Rejoice greatly, O daughter Zion!
Shout aloud, O daughter Jerusalem!
Lo, your king comes to you;
triumphant and victorious is he,
humble and riding on a donkey,
on a colt, the foal of a donkey.
He will cut off the chariot from Ephraim
and the war-horse from Jerusalem;
and the battle bow shall be cut off,
and he shall command peace to the nations;
his dominion shall be from sea to sea,
and from the River to the ends of the earth. (Zech. 9.9-10)


Those words come from the prophet Zechariah, written roughly 20 years after the Judean exiles started returning to Jerusalem to rebuild the Temple, which had been destroyed by the Babylonian army. It is from this prophecy that the author of Luke’s gospel tells us about Jesus and his triumphal entry into Jerusalem on the colt of a donkey. The vision you heard in the prophecy — a king, humble and riding on a donkey, breaking the tools of war (chariots, war horses, bows), commanding peace to the nations, and with a reign of peace that extends to the end of the earth — this is an important reference to how the early Christian community thought of Jesus. This nonviolent, peaceful realm is an important vision of who Jesus was and what he came to do. It is entirely congruent with his proclamation of a new liberating reign. It just didn’t happen the way most people in Judea thought it was going to happen.
​
We know the story of Jesus riding into Jerusalem before Passover and being welcomed with cloaks thrown down on his way and with palm fronds waving (at least according to Mark and Matthew).

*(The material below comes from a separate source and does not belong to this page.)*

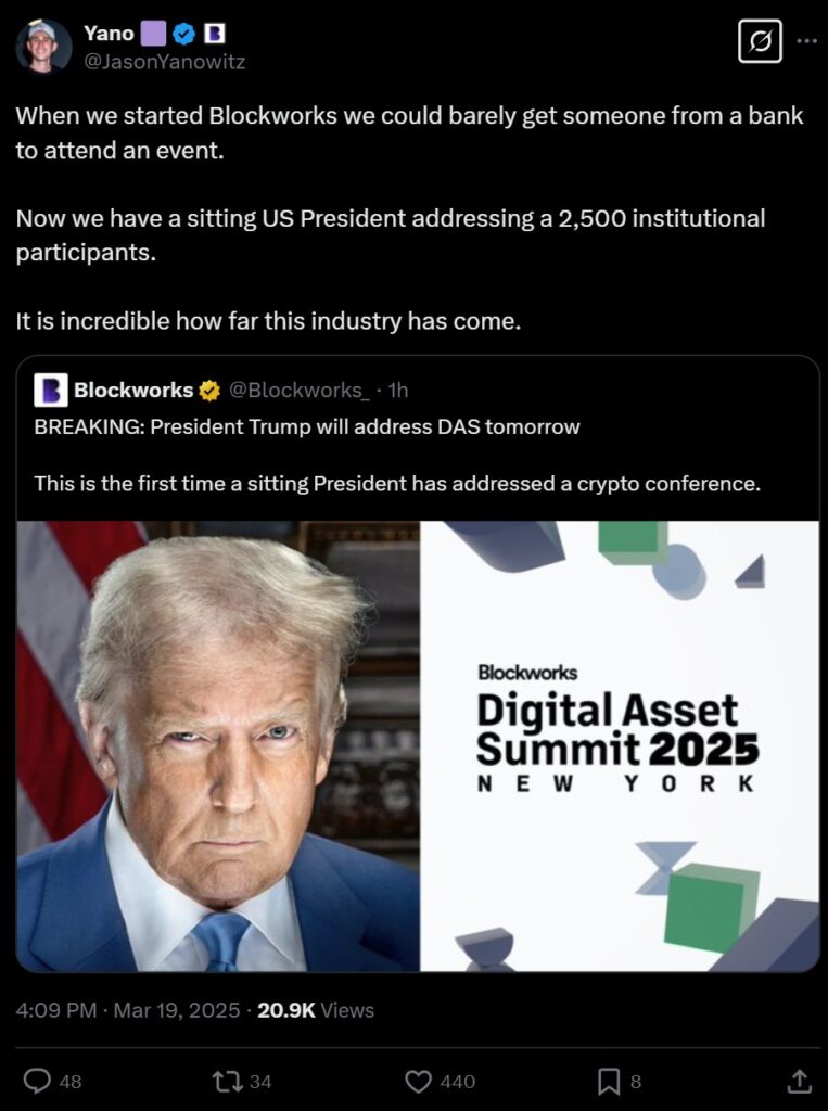 One of Blockworks’ co-founders, Jason Yanowitz, stated in a post on the X platform on March 19 that “when we started Blockworks, we could barely get someone from a bank to attend an event.”

Basically, Jesus is getting a royal welcome, but mounted on a donkey and not on a war horse, like those ridden by Roman troops streaming into Jerusalem to quell any potential unrest during the Passover pilgrimage into the city at the same time.

Do you see and hear the irony of it all? This is meant to be a king, but he isn’t clothed in royal regalia. He isn’t powerful in the sense that Caesar, Pilate, and Herod are powerful. He is propertyless. He is a pacifist. He upsets the conventions of the religious authorities of his day. And he certainly isn’t what the people of Judea expected from a messiah. They wanted a military leader who would come in and kick Rome back to Italy and out of the Judean homeland. And instead, they got a prophet who healed people, lived in poverty, and talked about God’s reign of shalom, rather than a workaday Mediterranean empire bent on taking other peoples’ land.

We have the advantage of knowing how the story unfolds. We Christians have been telling this story for nearly 2,000 years. But the people in occupied Jerusalem and the first followers of this Mediterranean peasant, Jesus, had no idea how things were going to work out or what lay in store in the next week. We know that Jesus would be welcomed like a king on Palm Sunday, overturn the tables in the Temple, eat a Passover meal with his disciples, experience betrayal, arrest, a sham trial, flogging, and meet the ignominious end of torture on the cross. 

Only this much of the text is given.